Summary judgment – Strike out. The claimant, who alleged that a member of the British army (TS) had raped and sexually assaulted her while she had been serving in the Royal Navy in Gibraltar, succeeded on her appeal against a master's decision: (i) granting the defendant Ministry of Defence (MOD) summary judgment on the claimant's personal injury claim, on the basis that she had no real prospect of successfully establishing that the MOD was vicariously liable to her for TS's offences; and (ii) striking out part of her amended particulars of claim, on the basis that they did not disclose any reasonable grounds for bringing a claim of misfeasance in public office. The Queen's Bench Division held that, in circumstances where the MOD had accepted that the relationship between it and TS was capable of giving rise to vicarious liability, the master had erred in failing to give appropriate weight to the combination of all the matters the claimant had relied on, which, in the court's judgment, did give rise to a real prospect of establishing vicarious liability. Further, the court ruled that the master had erred in striking out part of the claimant's amended particulars of claim where there had been no argument before him about whether, in committing the alleged offences, TS had committed the tort of misfeasance in public office.

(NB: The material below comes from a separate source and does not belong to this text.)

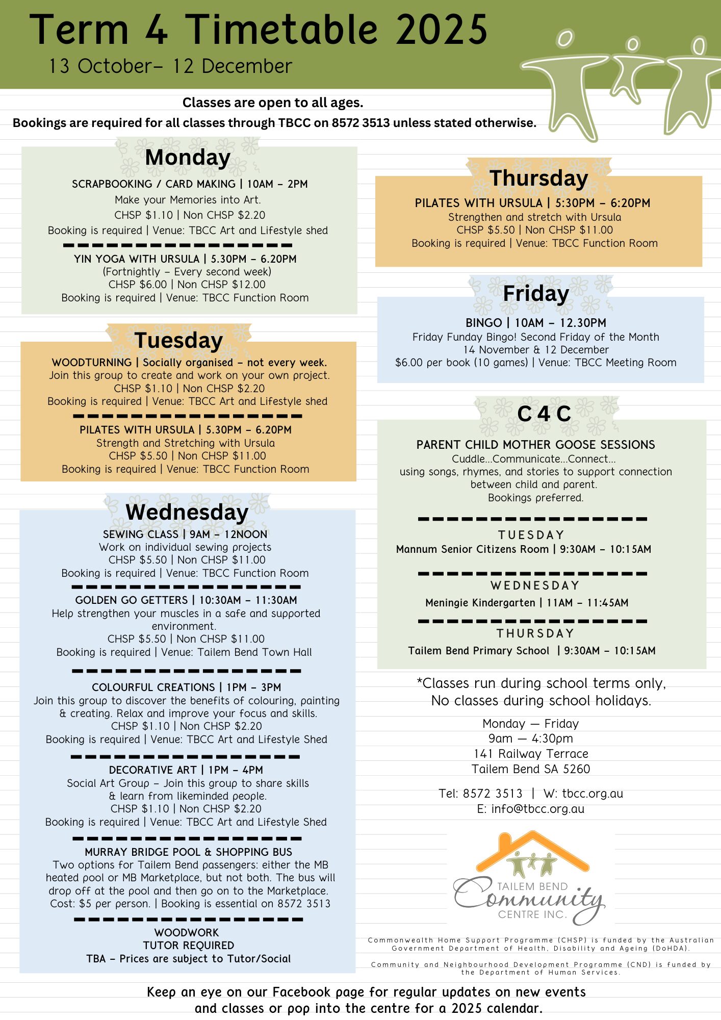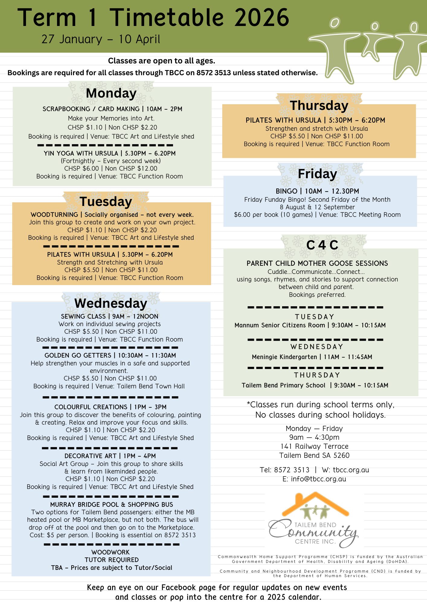 Timetable Timetable Please note that the Timetable is subject to change. We recommend contacting the Community Centre at 8572 3513 to confirm times and available spaces.

European Union – Trade marks. The Second Board of Appeal of the European Union Intellectual Property Office had correctly concluded that there was no likelihood of confusion between the figurative sign 'AC MILAN' for which the intervener company, Associazione Calcio Milan SpA (AC Milan), had obtained international registration and the earlier EU marks 'AC', 'AC HOTELS MARRIOTT' and 'AC HOTELS BY MARRIOTT' which had been registered by the applicant, Marriott Worldwide Corp. Accordingly, the General Court of the European Union dismissed the applicant's application for annulment of the Board's decision.
European Union – Environment. Article 3(u) of Directive (EC) 2003/87, as amended, should be interpreted as meaning that an installation, such as that at issue in the main proceedings, which produced, within the framework of its activity of 'combustion of fuels in installations with a total rated thermal input exceeding 20 [megawatts (MW)]', referred to in Annex I to that directive, electricity intended essentially to be used for its own needs, had be regarded as an 'electricity generator', within the meaning of that provision. The Court of Justice of the European Union so held in a preliminary ruling in proceedings concerning the application by the applicant company for the allocation of greenhouse gas emission allowances free of charge to a natural gas processing installation.
European Union – Trade marks. The Second Board of Appeal of the European Union Intellectual Property Office had correctly decided that the applicant company (adidas AG) had failed to establish that the figurative mark that it had successfully registered consisting of three parallel equidistant stripes of identical width (applied on a product in any direction) had acquired distinctive character through use throughout the EU. It followed that the Board had been right to decide that the contested mark had been registered in breach of art 7(1)(b) of the Regulation (EC) No 207/2009 and that it should therefore be declared invalid. Consequently, the General Court of the European Union dismissed the action by adidas AG for annulment of the Board's decision.
European Union – Trade marks. The Fourth Board of Appeal of the European Union Intellectual Property Office had correctly decided that the three-dimensional sign in the shape of a faucet for which registration as an EU trade mark was sought by the applicant company (Brita GmbH) was devoid of any distinctive character within the meaning of art 7(1)(b) of Regulation (EC) No 207/2009, as amended, in respect of all the relevant goods and services referred to by the examiner. Consequently, the General Court of the European Union dismissed Brita's action for annulment of the Board's decision.